Blood sugar surges — after-meal glucose “spikes” — can be life-threatening for the 29 million Americans with diabetes. Diabetic blood sugar spikes have been linked to cardiovascular disease, cancer, Alzheimer’s disease, kidney failure, and retinal damage. Now a new Tel Aviv University study, published in “Diabetologia,” suggests a novel way to suppress these deadly post-meal glucose surges: the consumption of whey protein concentrate before breakfast.
According to TAU’s Prof. Daniela Jakubowicz and her team, the consumption of whey protein before meals may even keep diabetics’ need for insulin treatment at bay.
“What’s remarkable is that consuming whey protein before meals reduces the blood sugar spikes seen after meals. It also improves the body’s insulin response, putting it in the same range or even higher than that produced by novel anti-diabetic drugs,” said Prof. Jakubowicz. “High milk intake has long been associated with lower risk for type 2 diabetes and cardiovascular disease, and milk whey protein increases the production of a gut hormone called glucagon-like peptide-1 (GLP-1) that stimulates insulin secretion. This, in turn, reduces the blood glucose rise after meals.”

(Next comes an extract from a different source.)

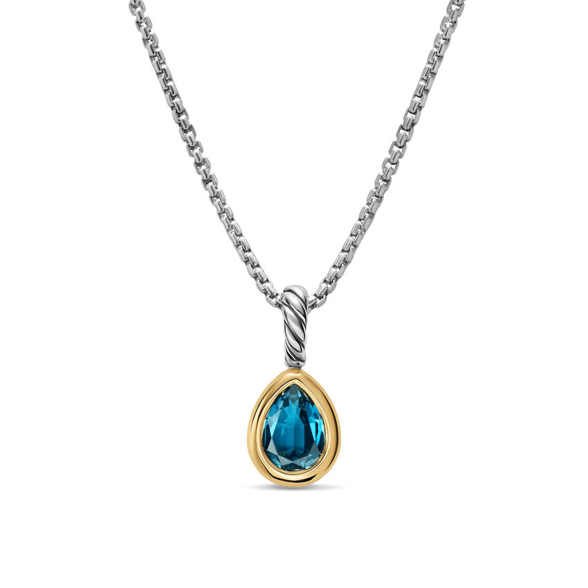 Mini Pear Cut Amulet in Sterling Silver with 14K Yellow Gold and Hampton Blue Topaz, 11mm

If you’ve heard of whey protein before, or the liquid that remains after milk is strained, it probably wasn’t in connection with diabetes. The protein is often used in its powered form by bodybuilders and the fitness conscious who want to build up muscle mass. Yet Prof. Jacubowicz and her team found that consuming whey protein before breakfast could spike an increase in the body’s secretion of insulin. “We hypothesized that stimulating GLP-1 production by consuming whey protein before a meal would enhance insulin secretion and have beneficial glucose-lowering effects in type 2 diabetes,” Prof. Jakubowicz said.

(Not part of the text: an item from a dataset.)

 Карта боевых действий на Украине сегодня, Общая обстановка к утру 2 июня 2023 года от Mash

The study was conducted on 15 individuals with well-controlled type 2 diabetes at Wolfson Medical Center in Israel. The participants were randomized to receive either 50 grams of whey in 250 ml water or a placebo, followed by a standardized high-glycemic index breakfast of three slices of white bread and sugary jelly — a meal designed to produce the maximum post-meal glucose spike.
Blood samples were taken 30 minutes before the meal, when the whey protein or placebo drinks were consumed. Further blood samples, assessing plasma concentration of glucose, intact GLP-1, and insulin concentrations, were taken when the breakfast was served and at 15, 30, 60, 90, 120, 150, and 180 minute intervals after the meal.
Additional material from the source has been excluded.